> _Task instructions_: Word for word, restate the listing that follows and leave out the images.

> _Data block_:

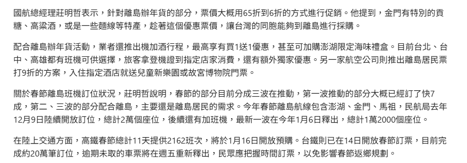 然後我才能反推資訊回去看一開始的新聞..,這才理解為什麼一開始那位記者要用國航..,他應該是想說兩家國內航空業者都有推出優惠,華信是機票優惠、機加酒行程與購物打折。
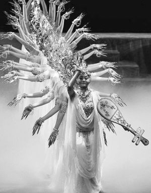 在敦煌舞的動(dòng)作素材積累方面,無(wú)論是對(duì)敦煌壁畫(huà)舞姿的歸類(lèi)、整理,對(duì)“敦煌舞特有的S型曲線運(yùn)動(dòng)規(guī)律”的發(fā)現(xiàn),以及“運(yùn)用中國(guó)古典舞蹈的節(jié)奏韻律,把靜止的姿態(tài)與其風(fēng)格統(tǒng)一的動(dòng)作過(guò)程結(jié)合起來(lái),形成比較完整的舞蹈運(yùn)動(dòng)和造型體系”,還是在創(chuàng)作層面上《絲路花雨》對(duì)“反彈琵琶”典型壁畫(huà)舞姿的發(fā)展,《千手觀音》對(duì)“千手”舞姿造型的無(wú)限變化發(fā)展,以及《飛天》超越人體動(dòng)作范圍極限對(duì)“三道彎”典型敦煌舞姿風(fēng)格的強(qiáng)化等,都是敦煌舞在動(dòng)作素材層面的積極建設(shè)和發(fā)展。
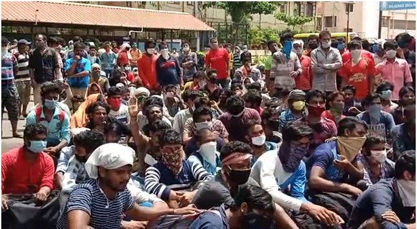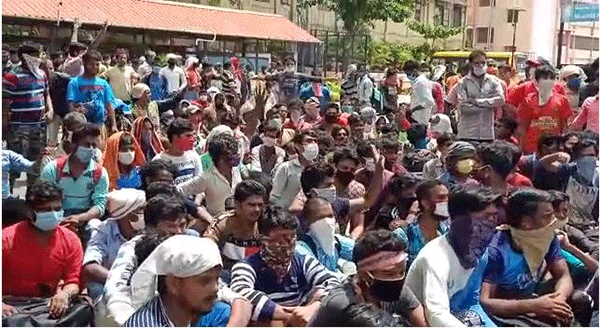 ಮಂಗಳೂರು: ಊರಿಗೆ ತೆರಳಲು ವ್ಯವಸ್ಥೆ ಕಲ್ಪಿಸಲು ಆಗ್ರಹಿಸಿ ವಲಸೆ ಕಾರ್ಮಿಕರ ಧರಣಿ

> _Answer section_:
 然後我才能反推資訊回去看一開始的新聞..,這才理解為什麼一開始那位記者要用國航..,他應該是想說兩家國內航空業者都有推出優惠,華信是機票優惠、機加酒行程與購物打折。
 在敦煌舞的動(dòng)作素材積累方面,無(wú)論是對(duì)敦煌壁畫(huà)舞姿的歸類(lèi)、整理,對(duì)“敦煌舞特有的S型曲線運(yùn)動(dòng)規(guī)律”的發(fā)現(xiàn),以及“運(yùn)用中國(guó)古典舞蹈的節(jié)奏韻律,把靜止的姿態(tài)與其風(fēng)格統(tǒng)一的動(dòng)作過(guò)程結(jié)合起來(lái),形成比較完整的舞蹈運(yùn)動(dòng)和造型體系”,還是在創(chuàng)作層面上《絲路花雨》對(duì)“反彈琵琶”典型壁畫(huà)舞姿的發(fā)展,《千手觀音》對(duì)“千手”舞姿造型的無(wú)限變化發(fā)展,以及《飛天》超越人體動(dòng)作范圍極限對(duì)“三道彎”典型敦煌舞姿風(fēng)格的強(qiáng)化等,都是敦煌舞在動(dòng)作素材層面的積極建設(shè)和發(fā)展。
 ಮಂಗಳೂರು: ಊರಿಗೆ ತೆರಳಲು ವ್ಯವಸ್ಥೆ ಕಲ್ಪಿಸಲು ಆಗ್ರಹಿಸಿ ವಲಸೆ ಕಾರ್ಮಿಕರ ಧರಣಿ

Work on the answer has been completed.